As Brazilian construction crews race against time to get as much done as possible before the World Cup, things continue to go awry.
With unpaid wages piling up, around 50 workers in the southeastern city of Curitiba halted work and cooked up an impromptu demonstration on Friday that stopped traffic and publicly displayed their dissatisfaction.
This is the second time in three months that workers in the area have spoken out against unpaid salaries, with around 100 workers in the same area performing a brief strike back in April.
Eventually, the workers were persuaded to come off the street and into a meeting by Brazilian club officials of Atletico Paranaense who play in the Arena da Baixada where the workers were striking.

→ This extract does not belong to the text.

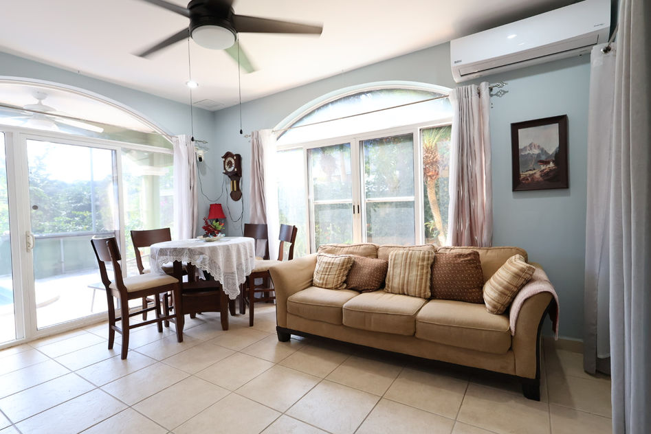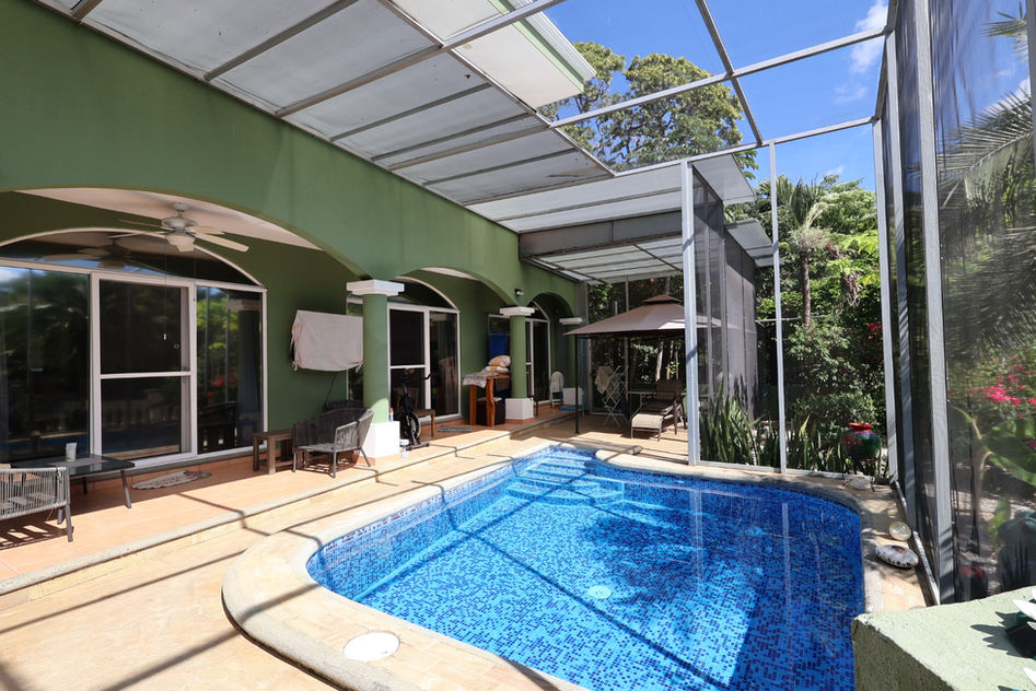 The living space opens onto a covered terrace with mosquito screens, creating a cozy, bug-free indoor outdoor environment. The terrace connects directly to a private swimming pool, surrounded by a lush, well-maintained garden that enhances privacy and comfort.

Constructed in 1997, the box-looking Arena da Baixada is undergoing a major overhaul for the tournament, like many arenas around Brazil.
According to the Associated Press report, despite FIFA warnings in February about being behind schedule, the stadium looks to be nearing completion with landscaping being performed and a FIFA welcome banner being hung.
However, just days after Rio de Janeiro mayor Eduardo Paes declared it a mistake to spread themselves thin across 12 cities for the World Cup, more problems are arising.
Curitiba will host four matches, starting on June 16th as Iran takes on Nigeria. Other matches at Arena da Baixada include Honduras vs. Ecuador, Australia vs. Spain, and Algeria vs. Russia. Spain is also expected to make Curitiba their base camp during the World Cup.